PROBLEM
Please print, exactly, only the lines in the entries below from the line that has "Plato De Papel" through the line that has "Add a touch". Pictures don't go in.

RECORD EXTRACTS
+++++
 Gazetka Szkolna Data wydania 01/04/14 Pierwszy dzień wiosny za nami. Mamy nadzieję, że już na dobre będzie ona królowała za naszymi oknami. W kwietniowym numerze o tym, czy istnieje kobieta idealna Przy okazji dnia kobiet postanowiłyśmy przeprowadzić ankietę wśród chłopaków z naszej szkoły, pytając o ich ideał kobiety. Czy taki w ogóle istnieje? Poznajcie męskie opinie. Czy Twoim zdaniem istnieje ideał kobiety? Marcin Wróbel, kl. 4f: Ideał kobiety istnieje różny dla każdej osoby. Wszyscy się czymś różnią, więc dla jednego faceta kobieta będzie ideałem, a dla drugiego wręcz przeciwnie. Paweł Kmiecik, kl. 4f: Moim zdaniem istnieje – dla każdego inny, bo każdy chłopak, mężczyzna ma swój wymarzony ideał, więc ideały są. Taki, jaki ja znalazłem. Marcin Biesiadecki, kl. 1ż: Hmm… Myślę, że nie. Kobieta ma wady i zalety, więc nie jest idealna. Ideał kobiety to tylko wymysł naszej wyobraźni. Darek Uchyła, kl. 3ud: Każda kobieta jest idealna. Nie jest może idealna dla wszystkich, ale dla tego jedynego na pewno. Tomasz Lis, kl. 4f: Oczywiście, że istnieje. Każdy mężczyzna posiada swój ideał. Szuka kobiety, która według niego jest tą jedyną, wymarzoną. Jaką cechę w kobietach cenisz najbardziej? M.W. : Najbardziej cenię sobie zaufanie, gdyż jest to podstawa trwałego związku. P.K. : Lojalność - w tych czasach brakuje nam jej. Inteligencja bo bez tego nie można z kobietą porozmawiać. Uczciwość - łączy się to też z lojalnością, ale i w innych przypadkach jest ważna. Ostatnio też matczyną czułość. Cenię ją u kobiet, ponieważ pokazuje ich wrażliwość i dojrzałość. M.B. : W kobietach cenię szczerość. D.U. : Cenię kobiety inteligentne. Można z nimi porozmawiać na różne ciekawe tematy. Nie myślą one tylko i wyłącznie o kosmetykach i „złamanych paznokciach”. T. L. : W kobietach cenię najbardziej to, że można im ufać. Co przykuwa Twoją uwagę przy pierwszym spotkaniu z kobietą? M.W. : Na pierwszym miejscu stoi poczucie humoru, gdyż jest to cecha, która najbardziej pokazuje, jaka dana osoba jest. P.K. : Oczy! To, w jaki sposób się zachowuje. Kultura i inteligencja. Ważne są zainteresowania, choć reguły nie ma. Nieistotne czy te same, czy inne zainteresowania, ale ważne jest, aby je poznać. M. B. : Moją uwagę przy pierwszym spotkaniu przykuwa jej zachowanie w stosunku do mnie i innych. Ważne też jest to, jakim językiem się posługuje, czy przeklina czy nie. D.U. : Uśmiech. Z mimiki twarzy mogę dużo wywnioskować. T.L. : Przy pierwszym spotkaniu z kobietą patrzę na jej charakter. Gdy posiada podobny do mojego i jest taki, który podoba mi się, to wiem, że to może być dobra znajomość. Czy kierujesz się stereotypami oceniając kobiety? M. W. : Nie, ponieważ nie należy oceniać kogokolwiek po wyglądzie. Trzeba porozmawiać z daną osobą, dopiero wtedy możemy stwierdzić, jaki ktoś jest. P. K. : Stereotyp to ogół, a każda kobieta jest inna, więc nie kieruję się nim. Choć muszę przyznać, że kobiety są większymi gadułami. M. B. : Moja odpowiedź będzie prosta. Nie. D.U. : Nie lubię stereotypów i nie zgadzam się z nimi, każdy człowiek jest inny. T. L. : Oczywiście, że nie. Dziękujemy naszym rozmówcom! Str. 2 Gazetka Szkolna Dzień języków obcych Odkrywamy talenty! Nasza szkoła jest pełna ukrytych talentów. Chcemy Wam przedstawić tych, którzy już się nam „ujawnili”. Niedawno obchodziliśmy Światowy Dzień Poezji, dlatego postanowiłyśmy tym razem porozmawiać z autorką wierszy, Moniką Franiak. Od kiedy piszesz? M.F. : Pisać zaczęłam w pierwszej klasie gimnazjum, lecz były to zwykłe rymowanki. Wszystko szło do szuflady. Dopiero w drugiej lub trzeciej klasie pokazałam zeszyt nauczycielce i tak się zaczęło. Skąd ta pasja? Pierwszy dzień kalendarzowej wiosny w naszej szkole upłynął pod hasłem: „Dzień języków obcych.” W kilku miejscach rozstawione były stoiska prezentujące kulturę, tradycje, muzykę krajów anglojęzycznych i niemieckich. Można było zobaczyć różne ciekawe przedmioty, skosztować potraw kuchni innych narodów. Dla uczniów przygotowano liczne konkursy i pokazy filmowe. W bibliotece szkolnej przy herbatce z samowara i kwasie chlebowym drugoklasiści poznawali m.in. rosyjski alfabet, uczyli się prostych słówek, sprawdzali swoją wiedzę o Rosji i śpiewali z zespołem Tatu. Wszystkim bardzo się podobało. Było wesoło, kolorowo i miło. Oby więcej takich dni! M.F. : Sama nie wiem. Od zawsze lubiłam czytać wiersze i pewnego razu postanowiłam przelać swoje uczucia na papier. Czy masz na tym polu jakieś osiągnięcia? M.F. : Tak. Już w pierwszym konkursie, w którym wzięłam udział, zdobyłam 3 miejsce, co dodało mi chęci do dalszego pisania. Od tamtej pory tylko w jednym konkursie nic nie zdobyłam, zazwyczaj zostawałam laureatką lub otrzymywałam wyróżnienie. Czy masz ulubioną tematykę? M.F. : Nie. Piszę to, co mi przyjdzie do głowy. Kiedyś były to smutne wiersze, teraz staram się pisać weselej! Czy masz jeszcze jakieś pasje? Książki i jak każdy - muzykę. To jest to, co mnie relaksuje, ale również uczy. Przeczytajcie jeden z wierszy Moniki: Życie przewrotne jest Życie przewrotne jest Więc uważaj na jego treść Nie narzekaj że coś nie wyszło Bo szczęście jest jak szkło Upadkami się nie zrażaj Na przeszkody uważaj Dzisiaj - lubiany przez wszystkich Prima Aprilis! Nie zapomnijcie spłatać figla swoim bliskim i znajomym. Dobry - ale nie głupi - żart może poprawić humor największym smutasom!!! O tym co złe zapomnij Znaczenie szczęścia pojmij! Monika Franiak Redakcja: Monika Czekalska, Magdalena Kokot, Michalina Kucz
+++++
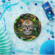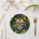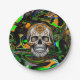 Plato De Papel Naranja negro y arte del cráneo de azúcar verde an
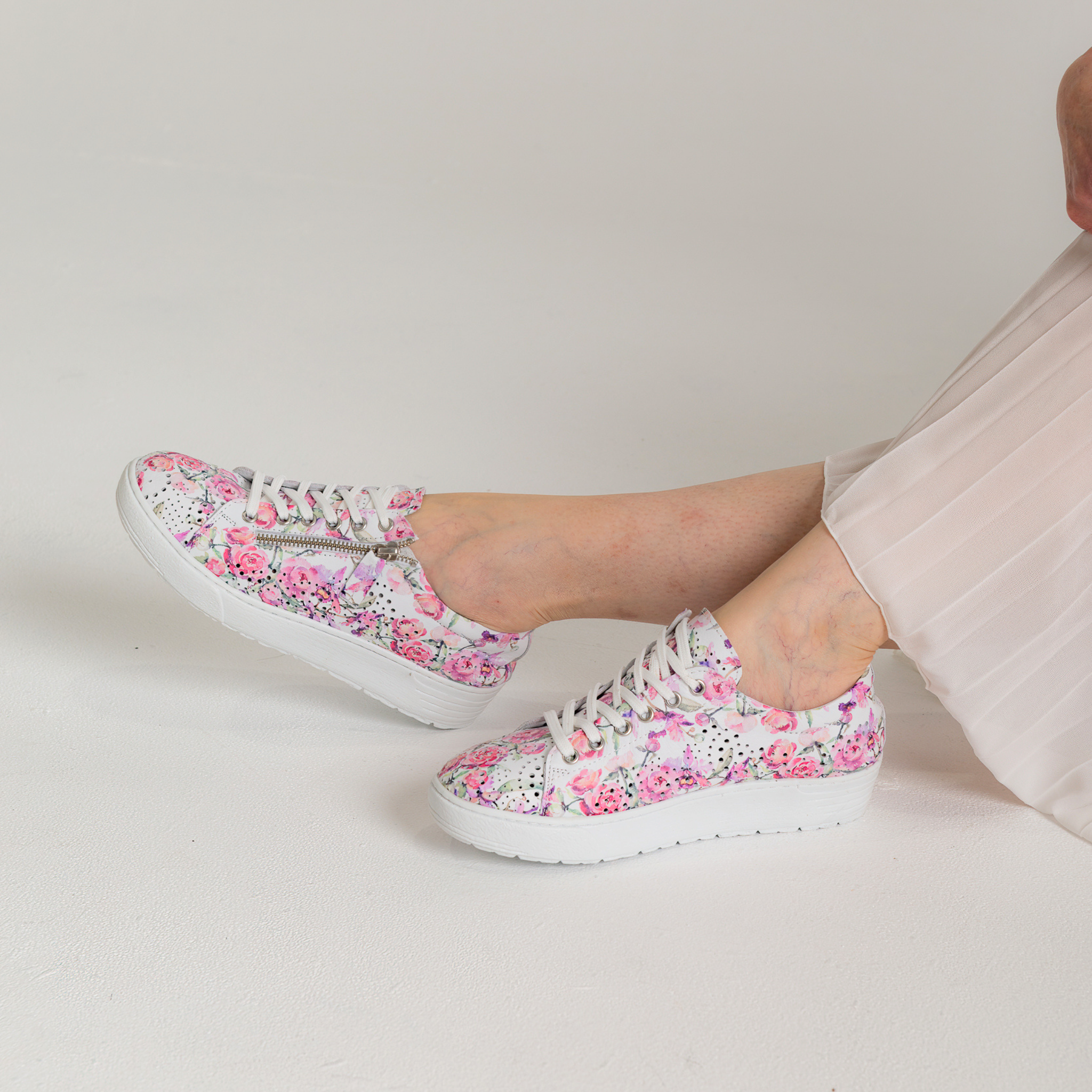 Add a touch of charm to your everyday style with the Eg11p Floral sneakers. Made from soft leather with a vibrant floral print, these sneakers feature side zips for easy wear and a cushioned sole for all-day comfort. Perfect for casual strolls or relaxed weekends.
+++++
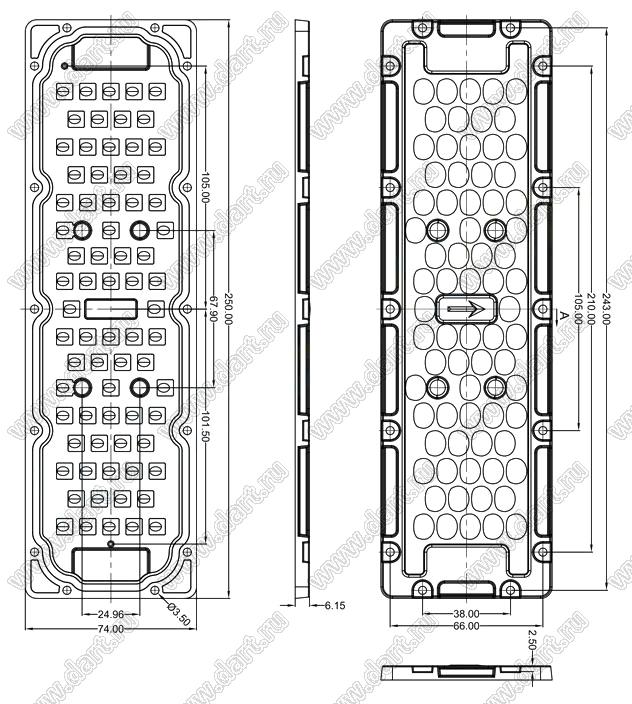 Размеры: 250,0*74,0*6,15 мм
+++++
RESULT FOR THIS EXERCISE
 Plato De Papel Naranja negro y arte del cráneo de azúcar verde an
 Add a touch of charm to your everyday style with the Eg11p Floral sneakers. Made from soft leather with a vibrant floral print, these sneakers feature side zips for easy wear and a cushioned sole for all-day comfort. Perfect for casual strolls or relaxed weekends.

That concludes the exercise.